Welcome to Check Call, our corner of the internet for all things 3PL, freight broker and supply chain. Check Call the podcast comes out every Tuesday at 12:30 p.m. EST. Catch up on previous episodes here. If this was forwarded to you, sign up for Check Call the newsletter here.
Inside this edition: FTC proposes to ban noncompetes; the nonshortage shortage of medicine; and Estes moves to hand down the family business.
The time has arrived. The Federal Trade Commission has proposed a rule to ban noncompete clauses in contracts and moved to the public comment period. That means anyone can make a comment on this rule, either in favor or against, and the FTC will review it. Comments can be submitted anonymously, just in case you were curious.
The proposed rule seeks to ban any new noncompetes as well as existing agreements. One important note is that it does not apply to any nonsolicit agreements — strictly noncompete agreements. The proposed rule in its entirety can be found here.

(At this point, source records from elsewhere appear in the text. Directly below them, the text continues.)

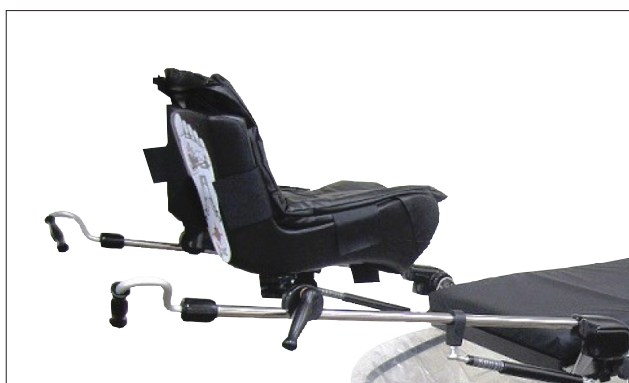
505-1114 Beinhalter mit Gasfederunterstützung (Paar)
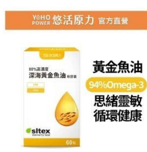
悠活深海黃金魚油 直降1.5%員購價：$787
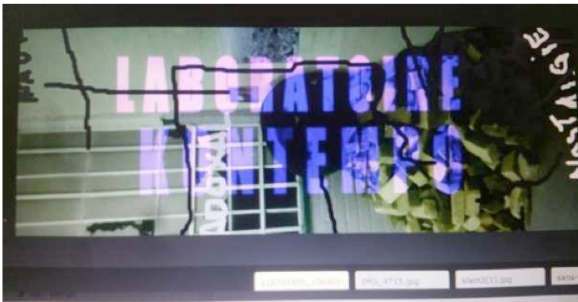
Appel à candidatures de Laboratoire Kontempo 2021

Les propositions sur "Kinzonzi : Réinvestir les perspectives" peuvent être autant des projets collectifs que des travaux individuels. Les candidats sont tenus
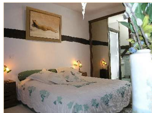
camera del proprietario

Cucina esterna, salotto estivo, bar esterno, forno per pizze, barbecue, ombrellone, salotto da giardino, 8 sedia sdraio, altalena, doccia esterna
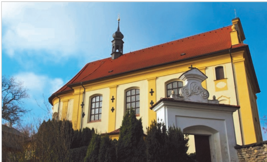
• Opravený kostel v Nových Hradech •

V době od 2. - 9. února bude P. Zdeněk Mach na dovolené.
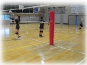
6人制のバレーボールの支柱が立てられるようになりました

暑い日が続きましたが、工事業者の方々のおかげで予定していた工事を夏休み中にほぼ終わることができました。ありがとうございました。体育館の外壁工事は、もう少しかかりますが、明るい感じの新しい外壁になっています。

In the first four hours of the comment section being open, it gained over 300 submissions. Currently it’s sitting at over 700 comments with 57 days left in the window. Having sifted through a lot of comments — maybe with some popcorn in hand — there is an overwhelming amount of support for banning noncompetes. Wherever you land on the topic, that’s your business. But you should still have a say as the freight brokerage world is littered with noncompetes. Comments can be filed here — and don’t forget you can be anonymous too.
If the FTC does ban noncompetes, it might not be time to celebrate right away as there likely will be a plethora of lawsuits and some appeals. However, it does provide a light at the end of the tunnel for those who feel they are trapped in a job they no longer want because they would have to leave logistics entirely to switch to a different field, likely taking a pay cut, for a year just to not get slapped with a big fine.
People have strong opinions on this, so as this develops, let me know if you find a spicy comment. So far my favorite includes the phrase, “byzantine patchwork of employment laws across our 50 states.” No idea who this person is, but their Scrabble game has to be on point.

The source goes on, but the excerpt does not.